I never claimed that “optimized code” and “unoptimized code” can’t be considered as two different generalized Turing machines; I claimed that two arbitrary different generalized Turing machines might not always be possible outputs of an optimization process. You’re correctly pointing out that “all before-and-after-optimization code pairs are equivalent to pairs of Turing machines”, but that is not the opposite of “not all pairs of Turing machines are before-and-after-optimization codes”. And once you start looking at strict subsets all sorts of impossibilities become possibilities; I can solve the halting problem if you let me pick a sufficiently restricted subset of Turing machines as admissible inputs!
I was also speaking of optimizations for speed, to ask the question: why are you bothering to optimize for speed? The answer isn’t “I want the code to be able to produce the same output in 1/Nth of the time so my computer can idle for (N-1)/Nths of the time”; what we’re really looking to do is let the code produce different, better output. So “will my optimized version produce the exact same output for the exact same input” is only half of the problem; it still isn’t a proof of recursive stability in a realistic use case where after each improvement we’re also changing the input.

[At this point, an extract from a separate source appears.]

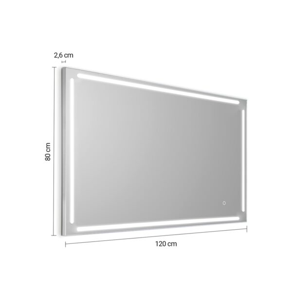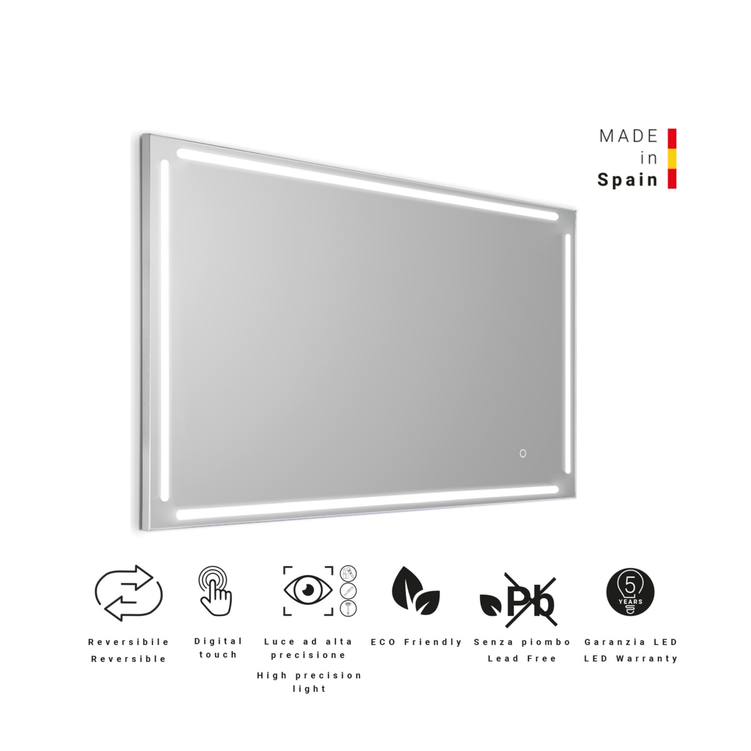 Specchio con luci a led. plus prodotto: accensione touch screen, vetro senza piombo, ecologico e reversibile. questa tipologia di illuminazione e’ idonea a livelli di precisione quali make up e rasatura. i led sono ip44, ii classe, rohs, class exempt group en 62471, 40w – 5700°k – cri>91 – 220-240v – 50-60hz – 900 lumen. questo specchio e’ realizzato in spagna

A useful distinction. Thank you.
Suppose we have an AI that does two things: Calculate ballistics trajectories for its army of killer robots, and coherently extrapolate human volition to guide its overall goals. If it optimises the ballistics calculation, it can spend more time thinking about the CEV; this will produce a different result (unless it was already at the point of reflective stability), but in this case that’s a good thing. However, the optimised ballistics calculation had better be yielding the same results or it will start losing the war. So I distinguish between two outputs: The output of the specific function being optimised must be the same. The output of the AI as a whole can differ.